I am not feeling sorry for myself but I envy the man who I call my brother. I told him this not long ago. It was after a Pearl Jam concert in San Fransisco. I waited with a group of a dozen die hard fans until about three in the morning for Eddie to exit from the back stage exit. It was cold and desolate in the San Fransisco early morning. The only people out on the streets pushed shopping carts filled with their meager possessions. I was about to turn away when suddenly I heard the crowd erupt into loud salutations shouting “Eddie!!” “Eddie!!!” He kindly got everyone to calm down by saying “please calm down, I will get to each and every one of you. we just need to be quiet.” I could feel my tired heart racing in my chest as I awaited Eddie’s glance. He signed set lists and talked with one lady about how great she thought he was aging. He seemed very comfortable, a little drunk, almost Buddha like in his demeanor. Then I caught his stare and stuck out my hand. He shook my hand and it was then that I said “You are doing a great job, I envy you your success.” He looked at me square in the eyes as if he was trying to remember if we met before. He then said “thank you my brother, but do not envy me, I’m just doing the best I can…like you.” And then he was gone. He got into the front seat of a black van which I imagine took my brother to his hotel room.

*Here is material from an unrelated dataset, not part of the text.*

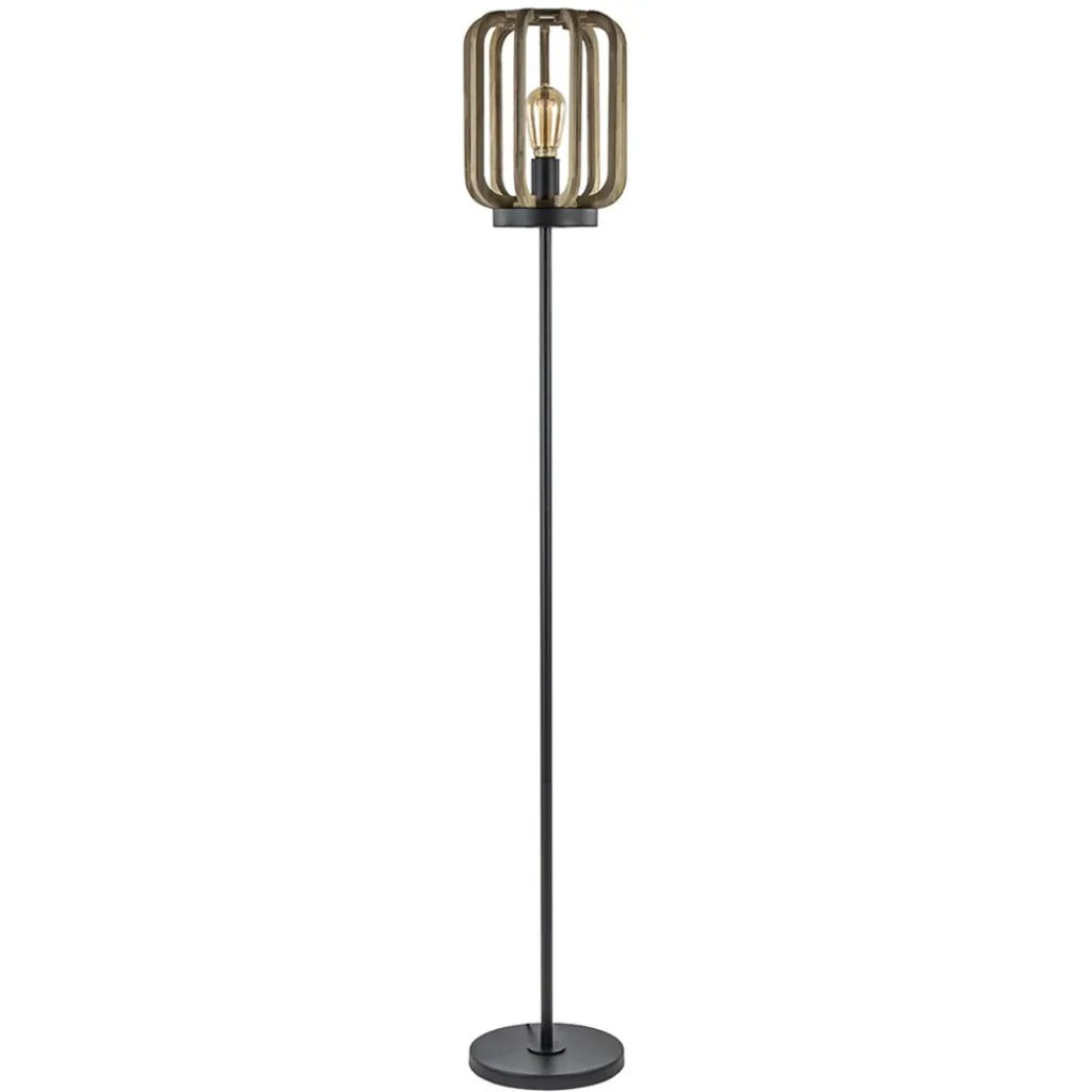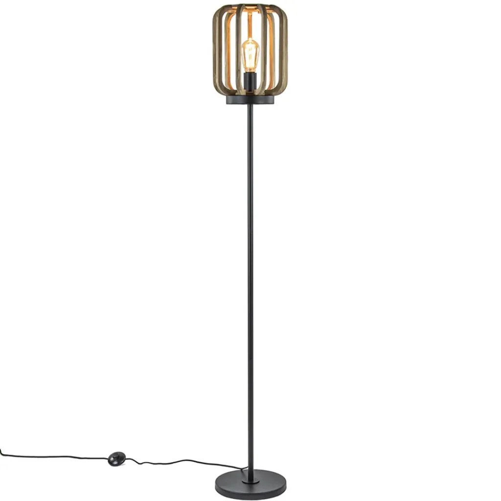 Straluma Mat zwarte vloerlamp met ruwe houten kap> Kooilampen|Woonkamerlampen

Now I sit here writing. It is raining outside and I spent the entire day reading in bed. I watched a few Eddie Vedder interviews tonight. I feel like my life is on hold while he is living life to its fullest. I have been wondering. Am I doing the best I can? And I have to say that my answer to this is no. No I am not. I have always been rather lazy and short of finding that one thing I love to do and then doing it all the time. No, I am not doing the best I can…and this is exactly why I am searching for Eddie Vedder. He is a man who is doing the best he can. I watch him and I am in awe. “So this is what it looks like when one finds their soul purpose,” I say to myself. Slowly my awe turns to inspiration…and I am reminded of something that I seemed to have almost given up on. My search for Eddie Vedder.